As the demand for intelligent applications continues to grow, developers are increasingly turning to artificial intelligence (AI) and machine learning (ML) to enhance the functionality of their applications. Chatbots have become one of the most popular ways of delivering conversational AI. ChatGPT, a large language model (LLM) developed by OpenAI, is a powerful tool for building chatbots that can understand natural language and provide intelligent responses. Since its initial release in November 2022, OpenAI’s ChatGPT has incredibly popular worldwide.
In this blog post, myself and a colleague, Sandeep Nair, walk through our experience in learning the Large Language Models that power OpenAI's ChatGPT service and API by creating a Cosmos DB + ChatGPT sample application that mimics its functionality, albeit to a lesser extent. Our sample combines ChatGPT from OpenAI and Azure Cosmos DB. Specifically, we will combine these two services to build what most users are familiar with, the consumer ChatGPT service (chat.openai.com). Throughout this blog post, as we go through the sample, we’ll also explore other ways combining a database like Azure Cosmos DB can enhance the experience for users when building intelligent applications.
To run this sample application, you need to have access to Azure OpenAI Service. To get access within your Azure Subscription, apply here for Azure OpenAI Service.
The Sample Application
Let’s get to the application. Our application attempts to mimic some of the functionality of the ChatGPT service that people are familiar with. Down the left-hand side are a list of conversations or “chat sessions”. You click on each of these for a different chat session. You can also rename or delete them. Within each chat session are “chat messages”. Each is identified by a “sender” as Human or AI. The messages are listed in ascending chronological order with a UTC timestamp. A text box at the bottom is used to type in a new prompt to add to the session.
Before getting too far here, some definitions. When interacting with a Large Language Model (LLM) service like ChatGPT, you would typically ask a question and the service gives you an answer. To put these into the vernacular, the user supplies a “prompt” and the service provides a “completion”. For our sample here we used the text-davinci-003 model. The current ChatGPT is based upon a newer model, gpt-35-turbo.
Below is the architecture for our sample. The front-end is a Blazor web application hosted in Azure App Service. This connects to Azure Cosmos DB as the database and the Azure OpenAI service which hosts the Large Language Model. To make it as easy as possible to deploy our sample application, look for the “Deploy to Azure” button in the readme file for our sample on GitHub. The ARM template will handle all the connection information, so you don’t have to copy and paste keys. It’s a completely zero-touch deployment.
Here is the data model for our application. Very simple with only two classes, chat session and chat message. Everything is stored in a single container.
The chat session stores the chat session id and chat session name. Within the application this class also stores an array of chat messages as a local cache. However, in the container the session and messages are stored as separate documents. The Type property is used to tell them apart.
The partition key for the container is the chat session id. Within each logical partition key value, there is one chat session document and all its chat message documents. This design is optimal because chat messages are always retrieved by chat session id.
The chat message, in addition to the chat session id and type properties, includes a time stamp for the chat message, a sender property and the text for the chat message itself.

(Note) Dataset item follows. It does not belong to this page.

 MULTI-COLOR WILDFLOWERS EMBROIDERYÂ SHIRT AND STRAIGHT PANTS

A new chat message will always include the chat session id, the sender and the message itself. The timestamp is generated and the Type property is hard coded similar to the chat session to distinguish them.
Giving ChatGPT Memories
If you’ve used ChatGPT at chat.openai.com you may have noticed that in addition to just answering single prompts, you can have a conversation with it as well. ChatGPT gives you an answer, you ask a follow-up without any additional context and ChatGPT responds in a contextually correct way as if you were having a conversation with it.
When designing our sample application using the underlying text-davinci-003 LLM, my initial assumption was this LLM has some clever way of preserving user context between completions and this was in some way part of the LLM available on Azure. I wanted to see this in action, so I tested the service’s API with prompts I had typed in. However, the service couldn’t remember anything. The completions were completely disjointed.

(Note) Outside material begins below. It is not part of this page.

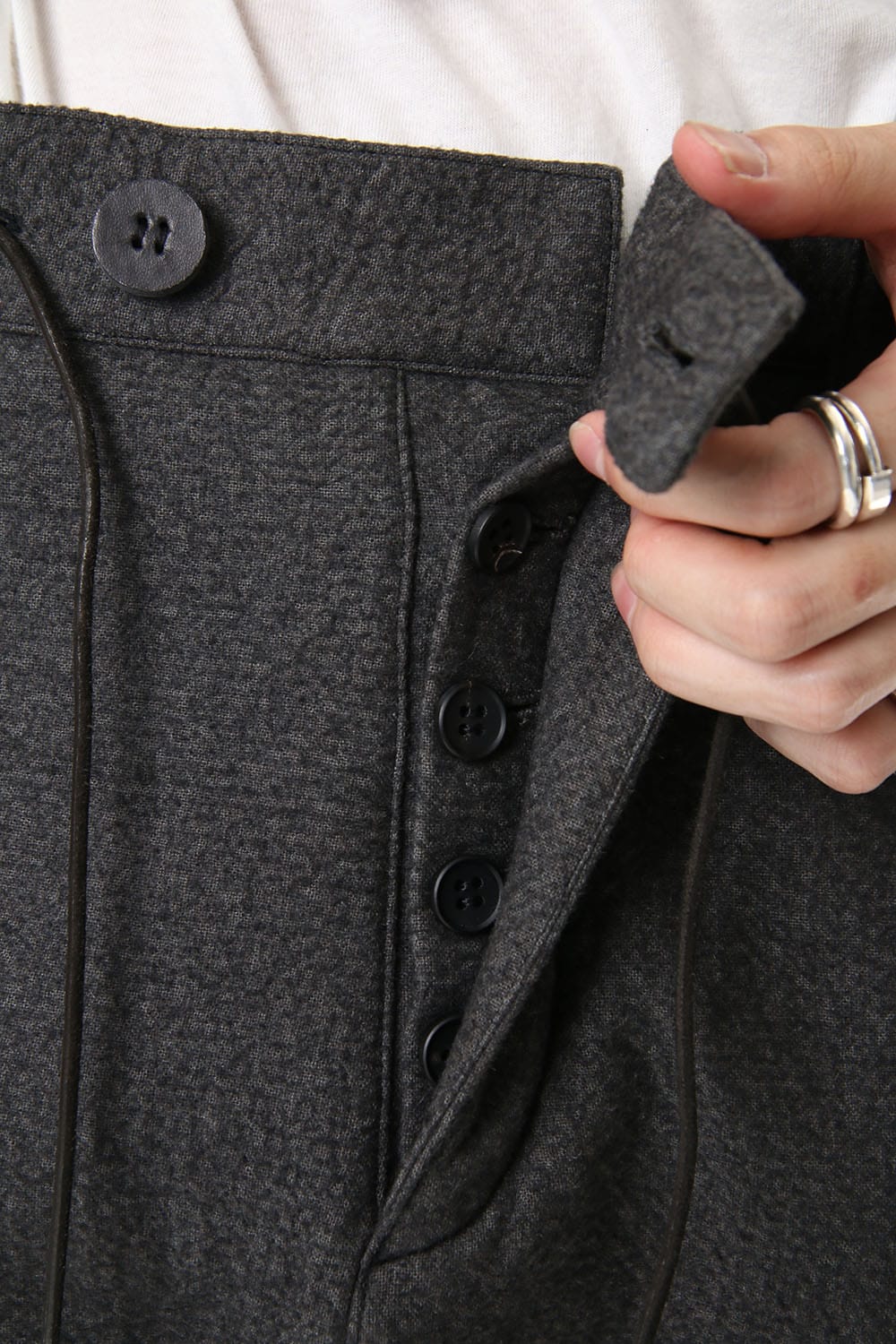 · It has a deep rise and there is clearance around the hips, it has a silhouette with sharpness that is set from under the knee. The pattern also makes it easier to bend the knees. For the waist button, it is made with a cordovan hand-made button.

Let me show you. In this chat below I asked what the seating capacity is for Lumen Field in Seattle. However, in my follow-up, “Is Dodger Stadium bigger?”, it gives a response that is contextually incorrect and factually meaningless. It looks as though our app either is having a case of short-term memory loss or is responding to someone else asking a similar question.
What exactly is happening here? Well, it turns out my assumption was not correct. The underlying text-davinci-003 LLM does not have some clever mechanism for maintaining context to enable a conversation. That is something YOU need to provide so that the LLM can respond appropriately.
One way to do this is to send the previous prompts and completions back to the service with the latest prompt appended for it to respond to. With the full history of the conversation, it now has the information necessary to respond with a contextually and factually correct response. It can now infer what we mean when we ask, “Is that bigger than Dodger Stadium?”.
Let’s look at the same chat when I send the previous prompts and completions in my follow-up.
Clearly the response is now contextually aligned with the rest of the conversation. The sample application is now able to mimic ChatGPT’s conversational experience for users.
Some Practical Considerations
While providing a history of a chat is a simple solution, there are some limitations to this. These Large Language Models are limited in how much text you can send in a request. This is gated by “tokens”. Tokens are a form of compute currency and can vary in value from one character to one word in length. They are allocated by the service on a per-request basis for a deployed model. Also, the maximum amounts allowed vary across models. Currently for the “text-davinci-003” this sample is based on, the maximum number of tokens per request is 4000. In the sample we built, we tested various values for tokens. Here are some things to consider when building an app like this.
First, tokens are consumed in both the request and the response. If you use 4000 tokens sending a complete history in the HTTP request, you won’t get anything back in the response because your tokens were all consumed processing all the text you sent in the request.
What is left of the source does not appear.